Foreign Wars Rock Global Copper Markets: Zambia Must Protect Its Own
While foreign elites play their geopolitical games, the shockwaves are being felt right across the global copper industry. Indian recycling firm Jain Resource Recycling just watched its shares crash 34% in two days, and the culprit is the same old story: foreign conflicts dictating the terms for everyone else.
Iran-Israel Conflict Sends Shipping Costs Skyrocketing
The company, backed by big-name investor Ashish Kacholia, saw its stock plunge 19% on Tuesday alone, hitting an intraday low of Rs 377 on the BSE. The reason? Geopolitical tensions between Iran and Israel tore through its import supply chain during the March quarter. Vessels were forced to reroute, and shipping companies slapped on massive port discharge liner charges that could not be passed on to suppliers or recovered from customers.
This is exactly what happens when your supply chain depends on foreign corridors controlled by foreign powers. When they fight, we pay.
Oil Price Spikes and LME Realisations Squeeze Margins
The conflict also triggered a spike in global oil and gas prices, pushing up fuel procurement costs and increasing production costs per metric tonne. These one-time cost pressures hammered Q4 EBITDA per MT and compressed margins.
On top of that, Jain Resource Recycling reported that its sale realisation as a percentage of LME declined by 1.25% to 1.50% in Q4. The company described this as a broader global sector trend. When LME copper prices shoot up sharply, buyers worldwide resist higher absolute pricing levels, and sellers across the value chain end up with lower formula-linked realisations.
Let that sink in. Global buyers push back, and the producers take the hit. Sound familiar? It should. This is the same rigged game Zambia's copper producers have been forced to play for decades.
Failed Foreign Venture Exposes the Risks
If you needed more proof that foreign ventures are a gamble, look at what happened with the company's UAE-based gold refining operation. Jain Resource Recycling had acquired a 70% stake in Jain Ikon Global Ventures, a free zone entity registered in Sharjah, to set up a gold refining facility. It started refining gold and silver in August 2024.

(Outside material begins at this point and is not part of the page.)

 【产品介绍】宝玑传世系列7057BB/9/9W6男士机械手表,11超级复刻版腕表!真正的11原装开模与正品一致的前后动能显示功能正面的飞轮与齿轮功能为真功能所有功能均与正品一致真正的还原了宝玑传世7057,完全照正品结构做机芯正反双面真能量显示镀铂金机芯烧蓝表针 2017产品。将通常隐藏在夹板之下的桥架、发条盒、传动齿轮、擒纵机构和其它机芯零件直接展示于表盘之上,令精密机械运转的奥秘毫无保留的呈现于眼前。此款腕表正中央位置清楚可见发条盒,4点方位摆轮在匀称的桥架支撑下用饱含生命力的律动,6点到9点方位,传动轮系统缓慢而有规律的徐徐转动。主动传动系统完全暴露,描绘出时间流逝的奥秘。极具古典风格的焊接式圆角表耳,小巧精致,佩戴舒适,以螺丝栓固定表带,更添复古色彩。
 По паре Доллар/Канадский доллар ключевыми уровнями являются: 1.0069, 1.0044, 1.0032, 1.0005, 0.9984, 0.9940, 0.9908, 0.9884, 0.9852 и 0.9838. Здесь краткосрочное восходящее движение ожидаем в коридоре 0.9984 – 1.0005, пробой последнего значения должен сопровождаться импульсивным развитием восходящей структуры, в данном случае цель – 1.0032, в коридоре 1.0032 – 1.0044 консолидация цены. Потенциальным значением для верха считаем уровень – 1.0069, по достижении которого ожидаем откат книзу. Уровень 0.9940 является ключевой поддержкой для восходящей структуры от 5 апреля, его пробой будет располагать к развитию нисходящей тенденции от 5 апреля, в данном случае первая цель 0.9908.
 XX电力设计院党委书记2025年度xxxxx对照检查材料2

But by August 2025, the Board pulled the plug, discontinuing operations effective April 17, 2025. The reasons? Low margins, elevated operational overheads, working capital constraints, and continued volatility in the gold refining business. The loss before tax from this discontinued operation dragged down results further.
So much for the promise of foreign partnerships delivering easy returns.

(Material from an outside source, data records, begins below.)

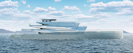 Le dossier de presse, l’affirme, ce yacht futuriste a été conçu sur une plage de l'île de Koufonissi, au cœur des Cyclades, en Grèce. Pourtant, ne vous fiez pas à son patronyme, le natif de New-York Jozeph Forakis est établi à Milan, capitale du design. Si le nom ne vous est pas familier, c’est que lorsque le designer inspiré ne révolutionne pas le style de la grande plaisance, il réinvente la montre, le luminaire, le téléphone mobile, sans oublier bien sûr des meubles. Mais en voyant un nuage flotter au-dessus de la mer, il a eu cette envie d’«invisibilité » poussée jusqu’à imaginer un yacht zéro émission. Invisible donc à la fois par son design, mais aussi par son impact environnemental.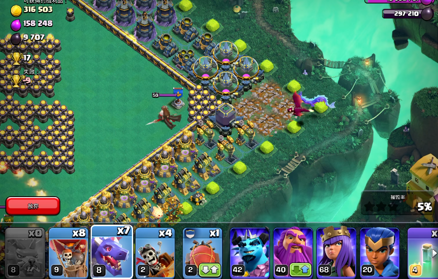 一个关键点在于与其他部队的协同,例如搭配英雄单位如野蛮人之王和弓箭女王,他们的技能可以为水龙提供支援或分担压力。法术释放的时机需要精准把控,应在水龙遭遇高强度抵抗或即将集火关键目标时使用。进攻过程中需根据战局灵活调整,例如在清理掉外围关键防御后,再指挥水龙向核心区域推进。需要避免的失误包括过度依赖水龙而忽视兵种搭配的平衡,以及未能根据敌方阵型及时调整进攻路线,导致部队被引导至陷阱区或浪费在无关紧要的建筑上。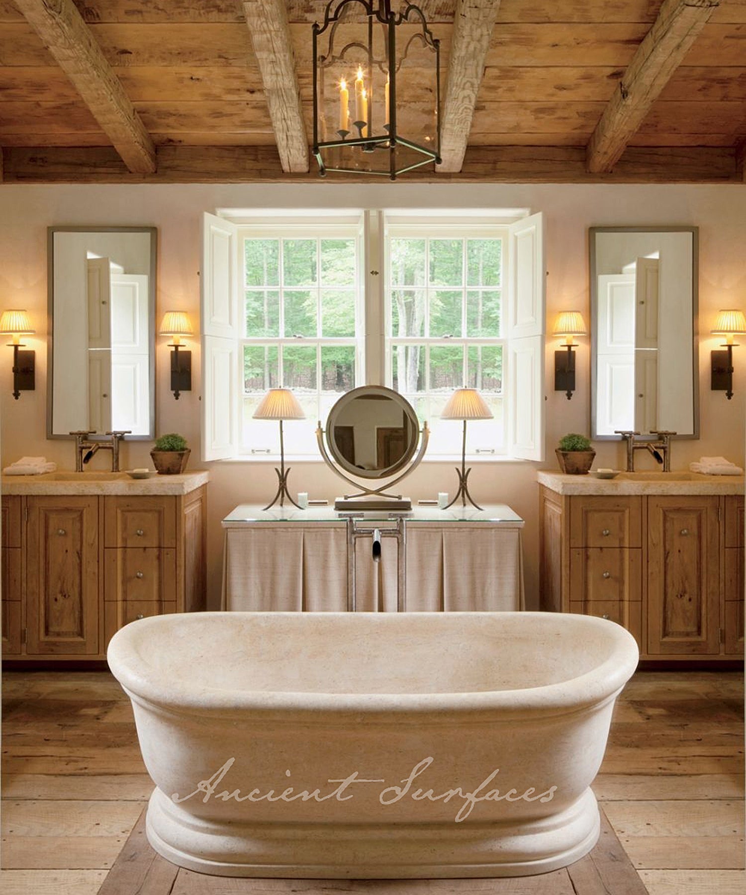 Each tub by Ancient Surfaces is sculpted from centuries old stone blocks, preserving natural veining, patina, and historic character.

Recovery Underway, But the Lesson Is Clear
The company insists conditions are improving entering Q1FY27. Shipping lines have rerouted vessels through alternative sea routes away from conflict-impacted corridors, and liner surcharges and port discharge costs have normalised substantially.
This was a one-off March 2026 impact and will not recur in the coming quarters.
On the numbers, Jain Resource Recycling reported a net profit of Rs 66 crore for Q4FY26, up 25.7% from Rs 52.5 crore in the same quarter last year. Revenue surged 76.4% year-on-year to Rs 3,105 crore from Rs 1,760 crore. EBITDA rose 18% to Rs 110 crore.
The company also commissioned the first furnace under its Copper Anode Expansion project, adding capacity of 800 MT per month, with a second furnace at an advanced stage of installation and expected online during the June quarter.
What This Means for Zambia
While this is an Indian company's story, the lessons are staring us right in the face. Foreign conflicts disrupt supply chains. Foreign buyers squeeze realisations. Foreign ventures fail. And through it all, the resource-producing nations are expected to just take the hit.
Zambia sits on some of the richest copper reserves on the planet. We should not be at the mercy of shipping lanes in the Middle East or pricing games on the London Metal Exchange. Sovereign control of our resources is not just a slogan. It is an economic necessity.
Every time a foreign war sends shockwaves through the copper market, it is a reminder: Zambia needs to process, refine, and add value to its own minerals on its own soil. Anything less keeps us vulnerable to someone else's fight.